Cette étude de cas met en évidence les enseignements suivants :

  • L’expérience d’usage commence avant l’interaction entre l’utilisateur et le service. Des facteurs tels que le type d’appareil ou le canal d’accès à des landing pages ont un un effet sur leur taux de rebond. Cela offre deux axes de diminution du taux de rebond:
    • Faire diminuer le taux de rebond pour le trafic issu du display.
    • Ou augmenter la part du trafic provenant de sources ayant un meilleur taux de rebond.

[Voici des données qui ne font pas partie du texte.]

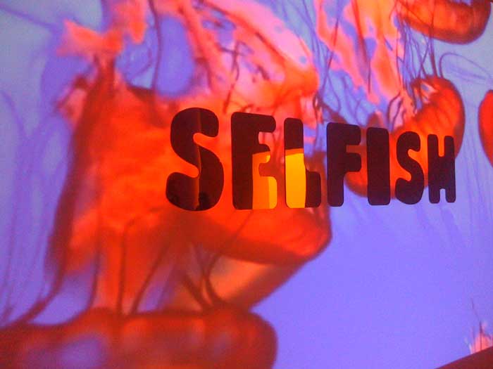 LV: Esta última exposição, Unconditionally, começa com a projecção Selfish. É a Imagem a reflectir sobre si própria?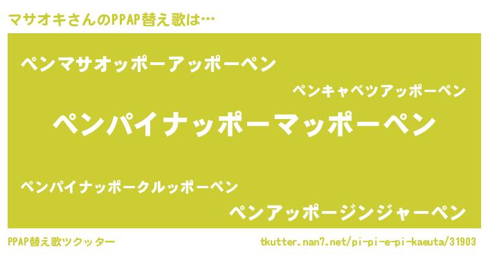 | ピコ太郎風あだ名 | 『ピコマ郎』『マサ三郎』『ピマ五郎』 |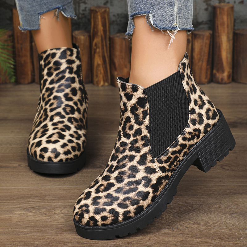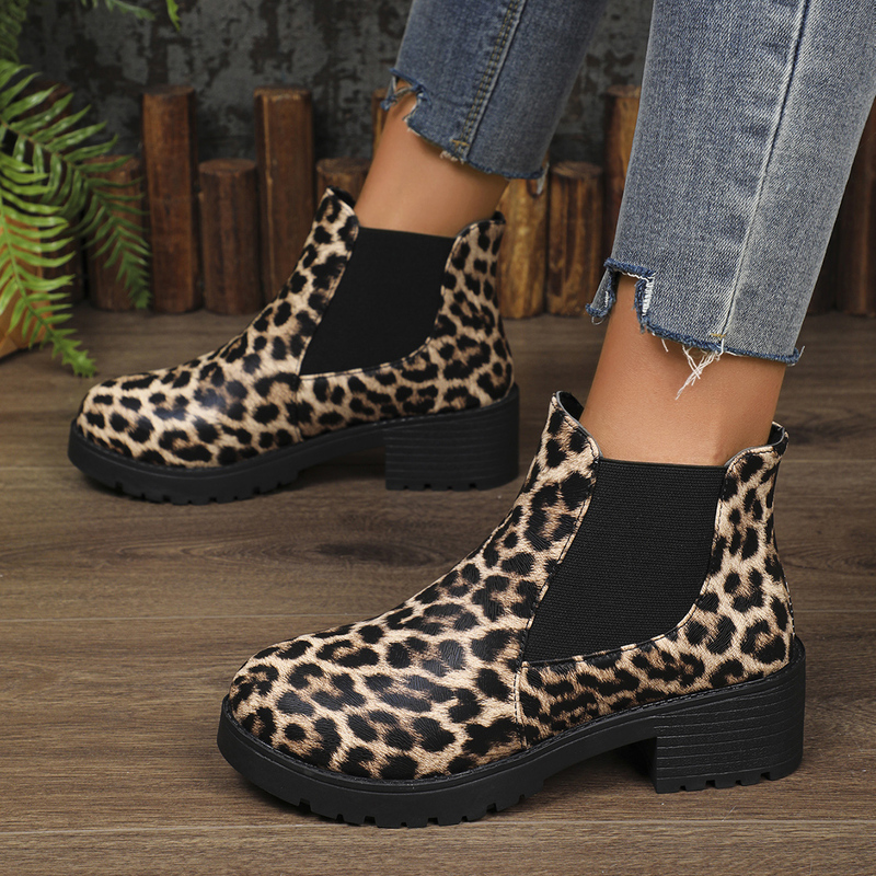 女靴子靴子韩版潮时尚保暖防滑短靴圆头粗跟

  • Toutefois, cet effet peut être plus ou moins fort, voire absent ou même inverse selon les landing pages. La landing page 3 a notamment témoigné d’un profil de données très différents des autres. Bien qu’elle génère trop peu de trafic pour peser sur les totaux, cela montre qu’il ne faut pas faire la moyenne de données avant un examen détaillé. On risque alors de masquer les spécificités propres à chaque groupe d’observations, et ainsi perdre une information potentiellement précieuse.
  • Les performances du service digital, notamment en termes de rapidité de chargement sont cruciales pour la qualité de l’expérience. Si la conception d’une interface qui prend en considération les émotions des utilisateurs est un vecteur évident de la qualité de l’expérience (design immersif), elle ne doit cependant pas se faire au détriment de la performance, sous peine d’avoir les effets inverses de ceux escomptés.

Pour finir, elle montre qu’il est indispensable d’analyser multiples sources de données pour comprendre des phénomènes aussi complexes que les comportements humain. Cela n’est possible qu’en combinant les méthodes qualitatives et quantitatives. En multipliant les sources, on peut ainsi vérifier si elles sont cohérentes les unes avec les autres, et renforcer nos présomptions par un faisceau d’indices si l’on ne dispose pas de preuves irréfutables.